I realized that this was what I really wanted to do, sustainable crafts, creating pieces customized by the customers, creating pieces that would reach a more familiar audience.
I Thought about what Salphy and its message would be.
I decided to think for a moment and go back to the question "what do you want to do?".
I wanted to create but I also wanted to convey a message of sustainability with my products. I was more and more sensitive to the problem of microplastics and I didn't want to contribute to it so I established partnerships with Bzalo and 4Garden to make the most of their wood waste, establishing Salphy based on a circular economy and a personal commitment to reusing all the wood I purchased to them.
Now I had a purpose, a target audience, more and more desire to create and some long-term goals.
Today there is a greater diversity of pieces, but we still don't have 100% of the products made from waste wood. However that is one of the goals. We have a "natura" product line where all the components of the products are sustainable and natural, and can be biodegradable or recyclable at the end of their life but I would like to be able to say that about 100% of the products.

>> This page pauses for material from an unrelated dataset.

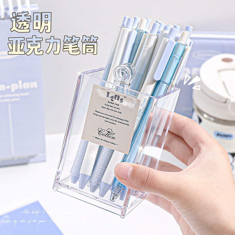 高颜值亚克力透明笔筒大容量儿童女孩小学生书桌文具收纳盒置物架简约ins桌面多功能笔桶轻奢高级感笔架办公

I don't know if I will achieve this goal I set myself to but without a doubt I will continue to try. Today I proudly speak of Salphy and I value my work and my talent thanks to the continuous receptiveness that the products have had with the public, family and friends included.
For me this project is something that motivates me on a daily basis to continue to be creative and believe that it is possible to work to do what we like and combine it with causes we believe in. We will soon start a campaign to support animal rescues by purchasing our products.